What you've posted, Rhino, leads me to believe you're not getting your stone thoroughly cleaned with the stone grader. I would never contemplate putting a chef's knife on a dry grinder, no matter how badly damaged it was. Reshaping, or even re-tipping a blade should be a matter of minutes with a clean, well graded Tormek SG stone. If you can't get a clean cutting surface from the grader, use the truing tool to open the stone up so that you get an idea of where it can be. That fast cutting action you get right after truing should be achievable (or nearly so) by a properly applied coarse grading. You've got to apply pressure, and you have to tip the grader up so that you're using the corner to rip up the surface of the grindstone. Don't baby it and don't stop until you can feel the grit with your fingers.
#82
Quote from: KSMike on August 22, 2013, 04:46:41 PM
I always wondered if that was Deneb's wife. :)

Depends. When he started doing the shows, it was. The last couple years she stayed home with the kids and his sidekick was his sister.
#83
Very nice post, grepper.

One product that I use extensively for scratch and corrosion removal is Klingspor's Sandflex Abraser Blocks. All of the demonstrators at the woodworking shows when they were in their heyday used them to keep their workers looking brand new. I picked up the habit from the folks at Lie-Nielsen. Deneb's wife would pick up every plane after a customer looked at it and give it a once over with the fine Abraser. I keep my Universal Support polished up with one, and it always floats up and down.
#84
Keeping it as short as possible is logical, but I never really pay attention to it. I have enough projection to get my fingers comfortably on the back of the tool. I have no idea what my "average protrusion" might be on a chisel or plane iron.
#85
Since it is used, I wonder if it might not have the older SVH-60 jig with it, instead of the newer SE-76.
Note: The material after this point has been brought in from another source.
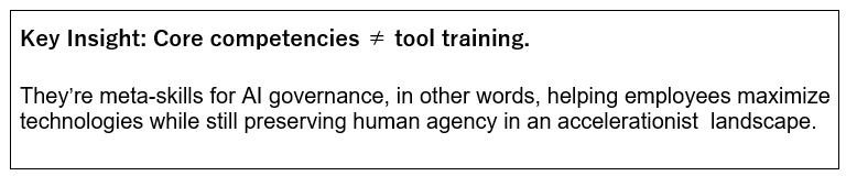 The democratization of generative AI will require a foundation skill set that spans departments—a universal “augmentation literacy” that turns each employee from a passive tool user into an active co-creator. This literacy is built upon three non-negotiable pillars: prompt engineering agility, responsible augmentation judgment and ethical co-creation fluency.
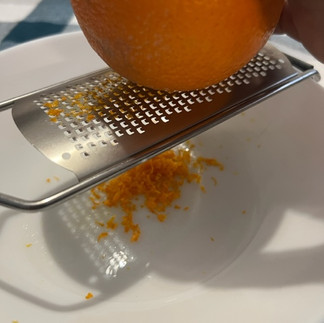 Zest the orange and add 2 tsp of zest into large bowl with sugar

Here's a PDF download for some instructions I wrote several years ago to help people get better results with the SVH-60.

http://www.sharptoolsusa.com/squareedgeweb.pdf
#86
Grepper,

You need to work on getting a feel for where to cut and where to relax. It sounds like you're trying to keep your pressure even and consistent. That doesn't always work. Like Kenny Rogers sings, you have to know when to hold them and know when to ease off --- or something like that.

#87
Well that tool hawker would have been me. Don't know how you got the wrong support, but I have a couple floating around my shop, of the correct vintage and the correct length. Send your address to jeff at sharptoolsusa dot com and I'll send you one.
#88
I see what you're describing now in your photograph.

Did you by chance purchase your machine second-hand and/or as a demonstrator from a shop?

The reason I ask is that the Universal Support for the smaller machine (1600 or T-3) is shorter. I think you have the wrong Universal Support, which could have happened if someone ordered the wrong replacement or if a shop keeper got them mixed up on the demo machines. It's possible, but highly unlikely that it was factory packaged that way.
#89
No, it wasn't and isn't flawed. If the tool is indexed to the correct side of the jig and used in the vertical mount, you will be off the stone before the jig leaves the Universal Support. The horizontal base has to be offset or the posts of the Universal Support would hit the vertical mounts. A longer bar on the Universal Support starts to introduce a tipping problem. Believe it or not, more than a couple of vitally interested parties have looked at this issue for decades.
#90
Neither the SVH-60 (original straight edge jig) nor the newer SE-76 were designed to work in the horizontal position. It is not very effective on straight edges.